The disclosed embodiments relate generally to red-eye repair techniques, and more particularly, to specific characterization, discernment, and repair techniques utilizing multiple recognition channels (e.g., red, golden, and white recognition channels). In certain embodiments, the red-eye repair techniques may be applied to an image automatically with limited or no input from a user.
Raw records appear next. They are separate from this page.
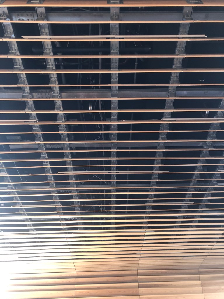 Nhìn từ trên xuống, hệ lam gỗ ở tầng 2 kết nối với hệ khung thép, hầu như không có tác dụng che nắng che mưa, cũng không phải yếu tố quá cần với ngoại cảnh kiến trúc, nên đối với người viết thì đây chỉ đơn thuần là sự vui chơi hơi quá đà của người thiết kế.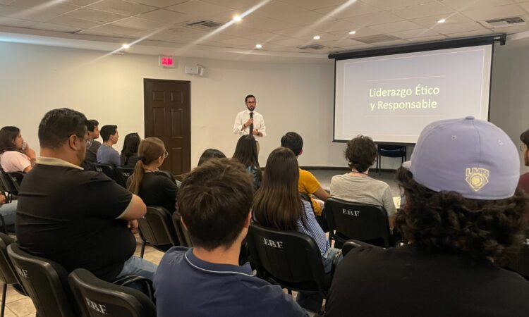 La ponencia estuvo a cargo por el director de la Facultad de Ciencias Políticas y Sociales de la Universidad Autónoma de Chihuahua (UACH), Mario Duarte Bustillos, quien resaltó la importancia de formar líderes que impacten en la comunidad.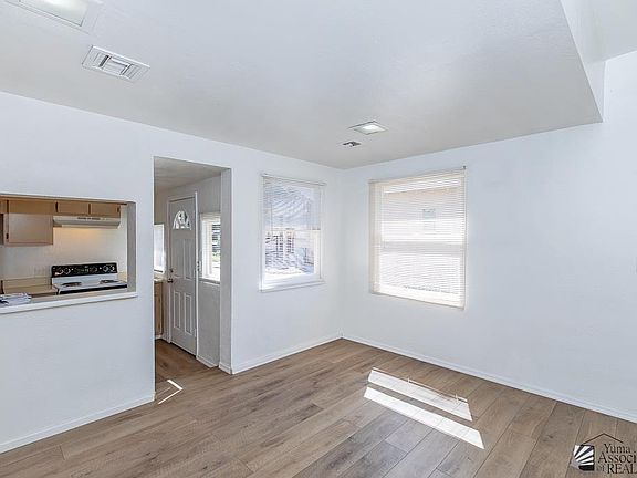 Cute one bedroom, one bathroom bungalow for rent in DOWNTOWN Yuma, , available immediately. Close to coffee shops, dining, local shopping, movie theater and other entertainment. Separate living room, kitchen, laundry room, bedroom and bathroom. Refrigerator included as courtesy. Washer and dryer hookups inside. No pets allowed. Call now!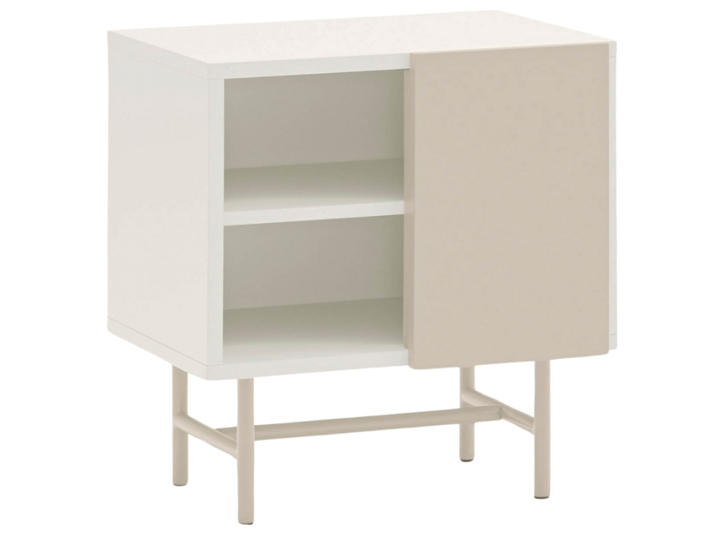 Minimalistický noční stolek Nube od španělské značky Teulat vás oslní elegantním designem i praktickým uspořádáním věcí. Úložný prostor stolku je tvořen dvojicí prostorných polic, které můžete zakrýt posuvnými dvířky. Ať už se tak rozhodnete využít úložný prostor na cokoliv, můžete se spolehnout na diskrétní ukrytí vašich pokladů před zraky ostatních. Díky bezúchytkovému provedení vyniknou jednoduché a čisté linie stolku. Použité lakované MDF vás jistě potěší snadnou údržbou a vysokou odolností. Stolek, stejně jako další komody a TV stolky ze série Inari, nabízíme ve třech různých barevných provedeních.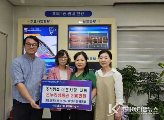 코리아타임뉴스 대구취재본부 | 효목1동 민간사회안전망위원회는 지난 5일, 고유의 명절인 추석을 맞아 지역 내 어려운 이웃을 위해 온누리 상품권(200만원)을 동 행정복지센터에 기탁했다.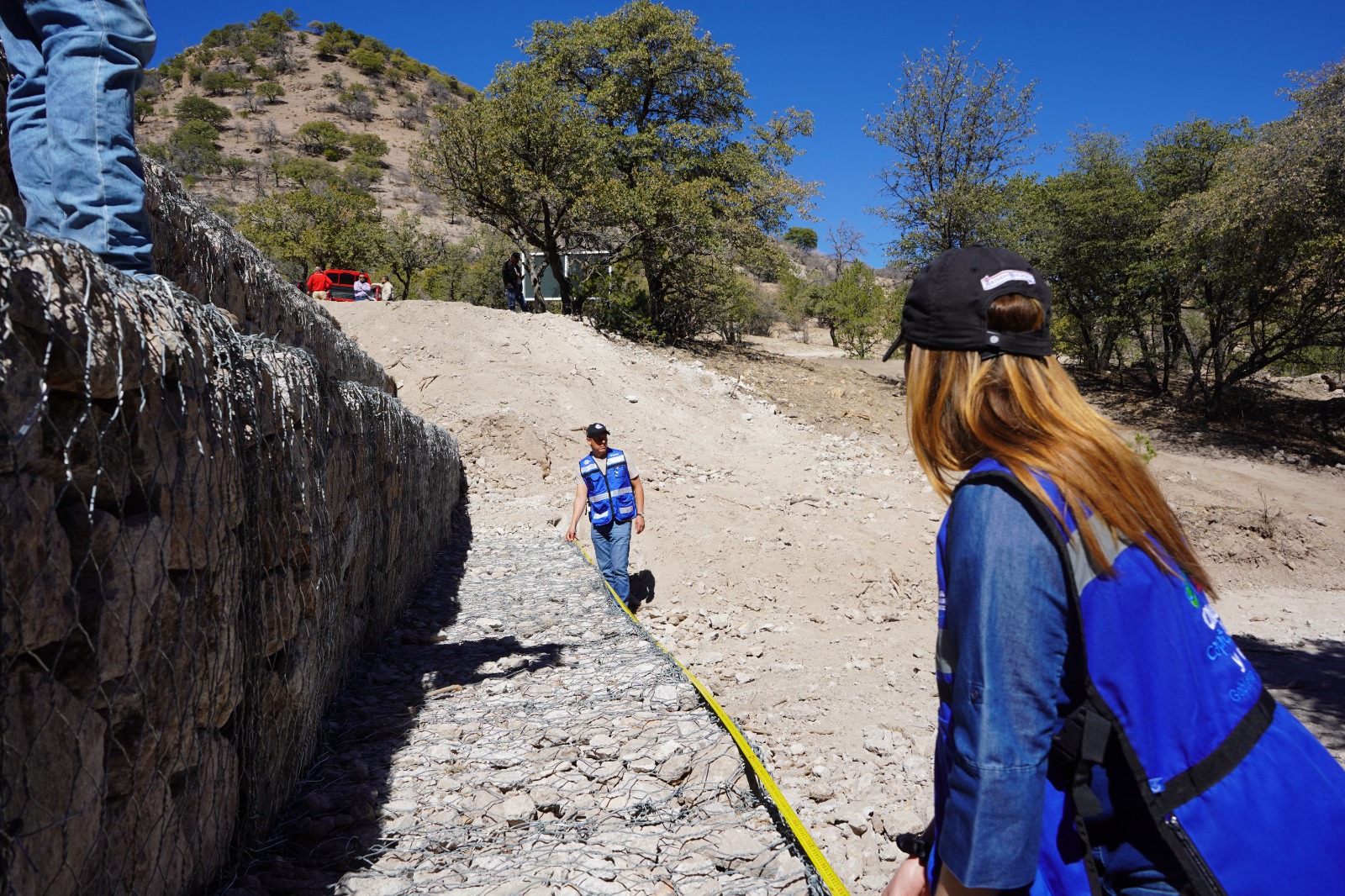 H. Ciudad de Chihuahua, Chih., a 12 de marzo de 2026.- El Gobierno Municipal de Chihuahua, a través del Fideicomiso para el Cuidado del Agua en el Municipio de Chihuahua, concluyó el proyecto de recarga artificial del acuífero Chihuahua-Sacramento en la comunidad de El Jardín, mediante la construcción de una presa filtrante de gaviones.

In photography, red-eye is the occurrence of glowing red pupils in a color photograph due to eye shine. Red-eye is believed to be caused by the red reflection of the blood vessels in the retina when a strong and sudden light strikes the eye. The tonality and intensity of red-eye may vary from person to person based on ethnicity, pigmentation levels, and other factors. Today's compact digital cameras commonly used in embedded systems exacerbate the problem of red-eye artifacts because of the proximity of the camera's flash unit and the lens. One common technique to mitigate red-eye is to use multiple flashes to contract the pupils before capturing the final image. However, this provides incomplete red-eye reduction, lengthens the amount of time needed to capture the final image, and presents more of a drain on the camera device's power source.
Other techniques that attempt to programmatically mitigate red-eye only work well when red-eye artifacts are actually predominantly red in color and/or are present in familiar orientations and shapes, i.e., front-facing and circular. Still other existing red-eye repair techniques use red-eye replacement techniques that are overly simplified, often resulting in jagged pupils or solid black pupils that may actually make the photo look more unnatural and less realistic than the original, unaltered photo with red-eye artifacts.
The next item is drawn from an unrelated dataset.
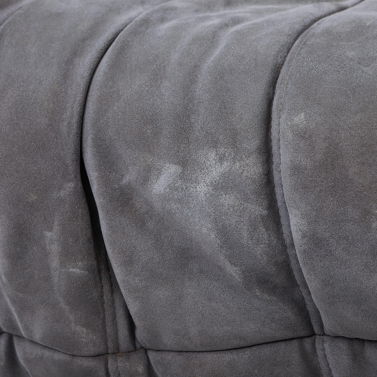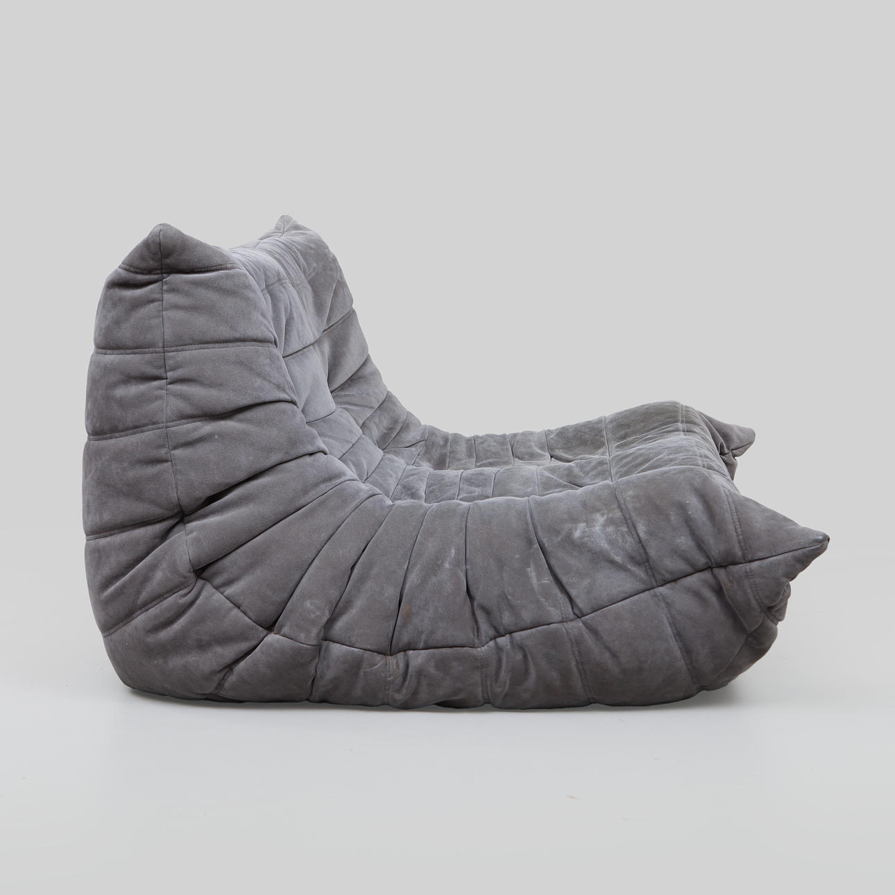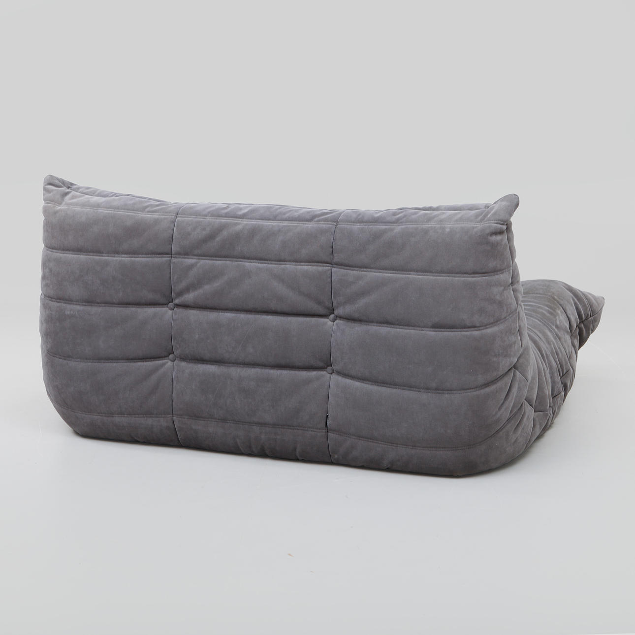 Gray upholstery in alcantara. Length 130, depth 130, height 70 cm.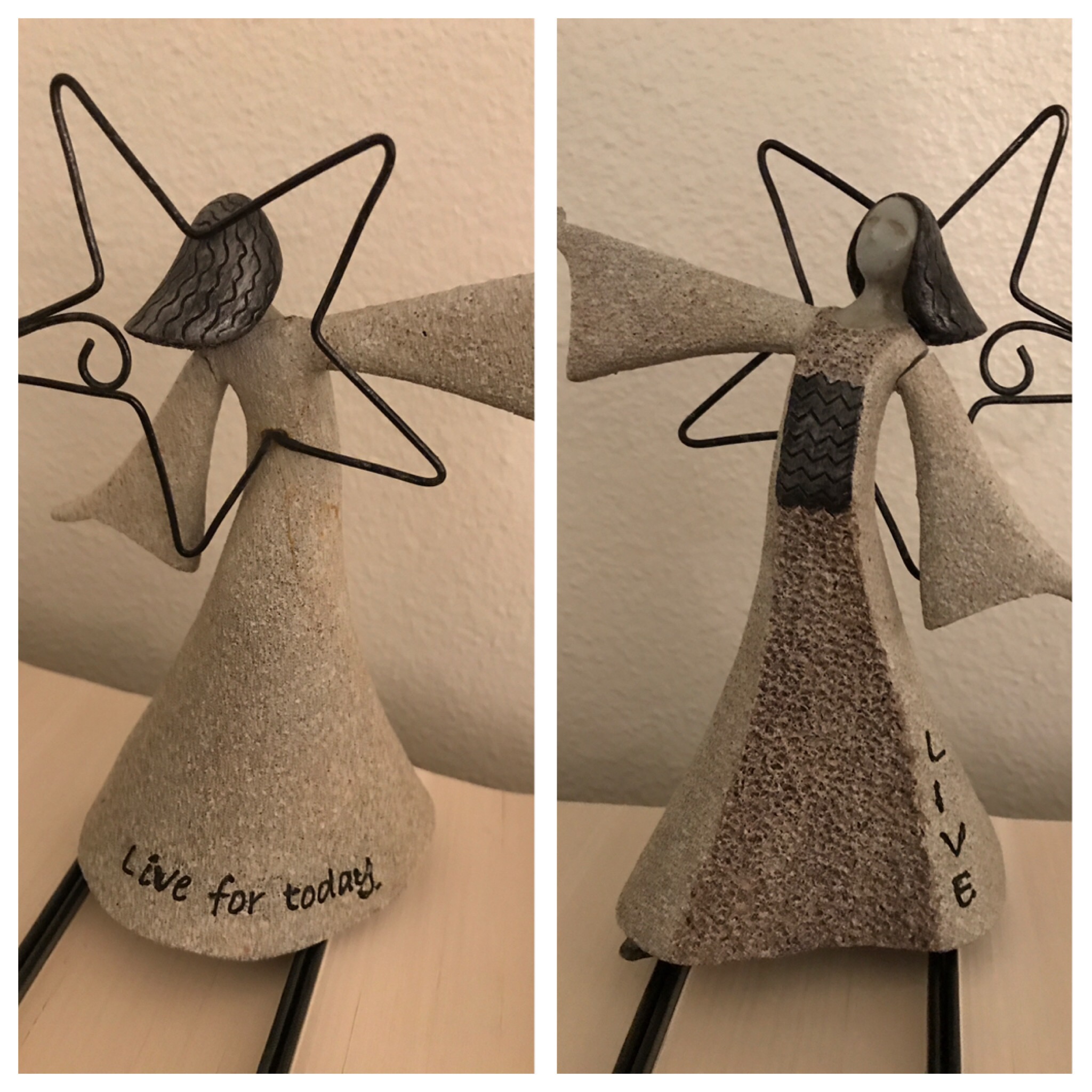 While in a Thrift Store today I happened to see a little angel figurine and her message spoke to me loud and clear! Inscribed on her were the words “Live” “Live for today.”

In addition to red artifacts, the inventor has noticed that the color of a “red-eye” may also be golden (i.e., a mixture of various degrees of red, orange, yellow, and white), or even pure white. This condition can occur, e.g., when photographing faces using a strong light source such as a flash that exists at a small displacement from the lens, and most often when the pupil is wide open. While the return signal from a red-eye artifact has a predominantly red hue, the hue can be altered by the color filter array chromaticities in the camera image sensor, and the color may also be distorted by erroneous clipping of the image's red, green, and blue signals during color processing. This artifact can be exacerbated by the gain factors required in low-light situations in which the flash is required. Further, artifacts may come in a variety of shapes, sizes, and overlapping topological layers. Specular shine, i.e., the reflection of light off the cornea or sclera (i.e., the whites of the eyes), is another aspect that may be considered in red-eye repair and replacement to achieve photographically reasonable results.
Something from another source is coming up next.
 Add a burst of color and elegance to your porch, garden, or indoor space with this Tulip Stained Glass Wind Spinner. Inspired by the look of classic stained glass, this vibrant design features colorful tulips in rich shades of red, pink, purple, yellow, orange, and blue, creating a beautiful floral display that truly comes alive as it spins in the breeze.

Accordingly, there is a need for techniques to implement a programmatic solution to red-eye repair that is robust enough to handle a large number of red-eye cases and color types automatically. By discerning between red, golden, and white eye artifacts, and locating and characterizing human faces in an image, for example, more specific automatic repair techniques may be employed to achieve photographically reasonable results.